Supuse que, con la aparición de Ricky en su vida, los exámenes semestrales habían pasado a ser algo secundario.
– ¿Cómo está tu madre?
– Bien. -Guardó silencio por un momento-. Preocupada por ti y por papá. Él le contó que ayer estuviste en el funeral de Queens, pero que no tuvisteis mucho que deciros. Mamá piensa, creo, que deberíais resolver lo que sea que pasó entre vosotros.
– No es tan fácil.
Ellen asintió con la cabeza.
– Los he oído hablar -musitó-. ¿Es verdad lo que mi padre cuenta de ti?
– Una parte, sí.
Se mordió el labio y de pronto pareció tomar una decisión.
– Tendrías que hablar con él. Erais amigos y a él no se puede decir que le sobren.
– Como a la mayoría de la gente -respondí-. Y ya he intentado hablar con él, pero me ha juzgado y ha decidido que no cumplo los requisitos. Tu padre es un buen hombre, pero su definición de la bondad es muy restrictiva.
Ricky volvió y la conversación prácticamente se desvaneció. Les ofrecí mi cama para esa noche, pero cuando Ellen rechazó la invitación, en cierto modo me alegré: seguro que habría sido incapaz de volver a conciliar el sueño en mi habitación si me asaltaban visiones de Ricky follando allí. Decidieron pasar la noche en Portland en lugar de Augusta, con la intención de encaminarse directamente hacia los Grandes Bosques del Norte a la mañana siguiente. Les sugerí el hotel de St. John, y que dijeran que los enviaba yo. Por lo demás los dejé con lo suyo, sin estar muy seguro de querer saber qué era «lo suyo». Por alguna razón, imaginaba que Walter Cole tampoco querría saberlo.

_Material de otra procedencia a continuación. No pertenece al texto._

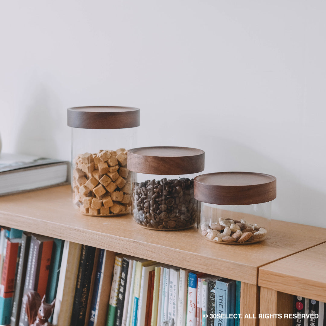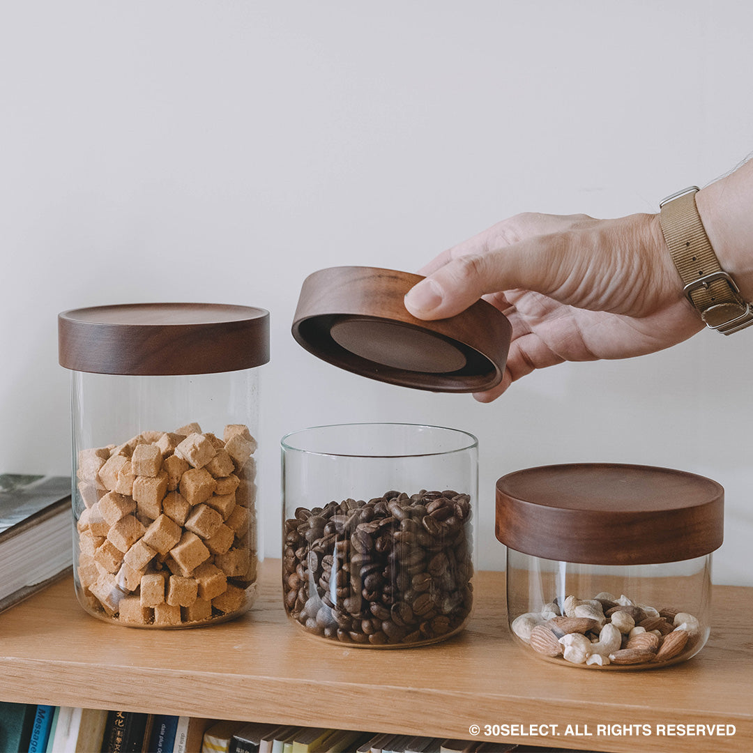 這款「台灣相思木玻璃儲物罐」,選用台灣原生種相思木製作罐蓋,木質緻密堅實、手感細膩溫潤,搭配高透明度的厚實玻璃罐身,整體圓潤沉穩,與廚房的各種器皿自然融合,為日常收納帶來更高質感的呈現。
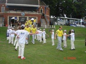 We had a busy couple of days at the club. On the 4th August we hosted the under 11 match between Surrey and Warwickshire in which Surrey snatched an improbable victory when the cause seemed lost. There were upwards of about a hundred players, coaches, officials and supporters and after a bad start weather-wise we were blessed with a dry spell which enabled the match to take place. On the following day our youngsters were Guard of Honour at the Surrey versus Derbyshire NatWest Pro 40 match at the Whitgift School at Croydon. A coach left Newdigate at 11.30 am and the party arrived in good time for the match. The boys and some parents saw a high scoring match in which Derbyshire managed to overhaul Surrey’s total of 282. A tired but happy group arrived back at Newdigate at 7.15 pm.

Cuando se fueron, subí al coche y volví a Portland para ir al gimnasio del Bay Club en One City Center. Colocar tejas había sido ya todo un ejercicio, pero me proponía reducir los cúmulos de grasa que se adherían a mis costados como niños resueltos. Me pasé cuarenta y cinco minutos realizando intensos circuitos periféricos, alternando continuamente ejercicios para piernas y la mitad superior del cuerpo hasta tener el corazón acelerado y la camiseta empapada de sudor. Cuando terminé, me duché y observé los pequeños depósitos de grasa en el espejo para ver si habían disminuido. Tenía casi treinta y cinco años, las canas invadían mi cabello negro, y era ochenta y un kilos de inseguridad en un cuerpo de metro setenta y siete. Necesitaba poner mi vida en marcha… Eso, o una liposucción.

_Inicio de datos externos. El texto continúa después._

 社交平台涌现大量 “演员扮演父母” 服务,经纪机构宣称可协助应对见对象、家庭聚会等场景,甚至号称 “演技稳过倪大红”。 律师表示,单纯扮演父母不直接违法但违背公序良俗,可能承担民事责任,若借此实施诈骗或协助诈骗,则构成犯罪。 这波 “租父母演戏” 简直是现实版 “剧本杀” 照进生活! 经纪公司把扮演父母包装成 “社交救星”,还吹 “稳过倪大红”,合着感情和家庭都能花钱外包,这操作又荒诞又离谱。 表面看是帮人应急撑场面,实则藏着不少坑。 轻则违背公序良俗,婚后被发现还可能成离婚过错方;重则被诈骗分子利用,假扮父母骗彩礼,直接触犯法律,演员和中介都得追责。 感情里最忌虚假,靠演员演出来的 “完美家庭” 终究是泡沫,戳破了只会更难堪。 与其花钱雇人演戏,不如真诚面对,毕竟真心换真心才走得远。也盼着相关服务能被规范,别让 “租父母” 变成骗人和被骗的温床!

Cuando salí del Bay Club, las luces navideñas brillaban en los árboles del Puerto Antiguo, que, vistos desde esa distancia, parecían arder. Fui a pie hasta Exchange para recoger unos libros en Alien Scott's y luego seguí hasta el Java Joe's para tomar un café largo y leer los periódicos. Hojeé el Village Voice y averigüé las últimas opiniones de Dan Savage sobre el sexo con huevos o los juegos urinarios. Esa semana Dan hablaba con un tipo que afirmaba no ser homosexual; sencillamente le gustaba el sexo con hombres. Al parecer, Dan Savage no entendía la diferencia. La verdad es que yo tampoco. Intenté imaginar qué le habría dicho Ángel a aquel tipo y supuse que ni siquiera el Voice se atrevería a publicar sus palabras.

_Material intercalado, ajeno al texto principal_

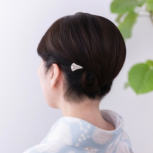 上品な輝きを放つアコヤパールをあしらった、シンプルな扇型のかんざしです。

Había empezado a llover. El agua de la lluvia dejaba marcas en la ventana como cortes en el cristal, y caía sobre los jóvenes que iban a los bares del Puerto Antiguo. Contemplé la lluvia un rato y luego volví a concentrarme en el Voice. Mientras leía, percibí el movimiento de una silueta que se acercaba hacia mí y un olor apestoso. Un hormigueo de inquietud me recorrió la piel.